“It’s a wicked world that we live in. It’s cruel and unforgiving.”

The Transplants said that. And as far as I can tell, it’s as true as anything else in this world of uncertainty.

My confidant, Philip Howiler, told me about a girl who was shot in the face by her boyfriend. I asked if she died, to which he told me it is possible to survive such an injury.

This really got me thinking about what a wicked world we live in.

On Sunday, as many as 21 Christians were murdered in warm blood during a church service on a campus in northern Nigeria. Authorities suspect the gunmen to be part of Boko Haram, a radical Islamic sect.

An investigative news website, Mediapart, found evidence of an illegal 50 million Euro donation from former Libyan leader Muammar Gaddafi to French president Nicolas Sarkozy, which might have boosted him into power.

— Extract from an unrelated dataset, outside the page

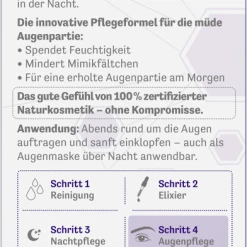 Abends rund um die Augen auftragen und sanft einklopfen – auch als Augenmaske über Nacht anwendbar.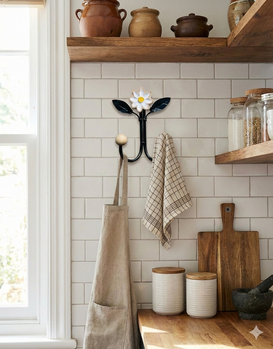 Cabide de Madeira com 4 Ganchos Flor Branca

Sarkozy just laughed it off as a fake hoping it will get him enough votes to win the election – completely legally, as always. Sarkozy is now filing a lawsuit against Mediapart saying the document is “crude forgery.”

And the military (and your lover, Facebook) is preparing to censor the Internet and access your private information via the Cyber Intelligence Sharing and Protection Act which has passed in the House. (Remember SOPA? Well, this is worse and moving much faster through Congress.)

“People just have no criterion left to evaluate the importance of things. I think the only thing that would really affect people would be the announcement that the world was going to be blown up by the hydrogen bomb,” said Philip K. Dick, from “An Interview with Philip K. Dick.”

“But outside of that, I don’t think they would react to anything.”

And if you think it’s any easier for people in my line of duty, a French journalist was injured and went missing after three soldiers and a police official were gunned down in a raid of five cocaine labs in Bogota, Colombia, Saturday. That’s just sick.

It’s comparable to shooting the Union Army’s drummer boy. Not cool, bad guys.

Things are not going our way, planet Earth. And it’s nobody’s fault but our own.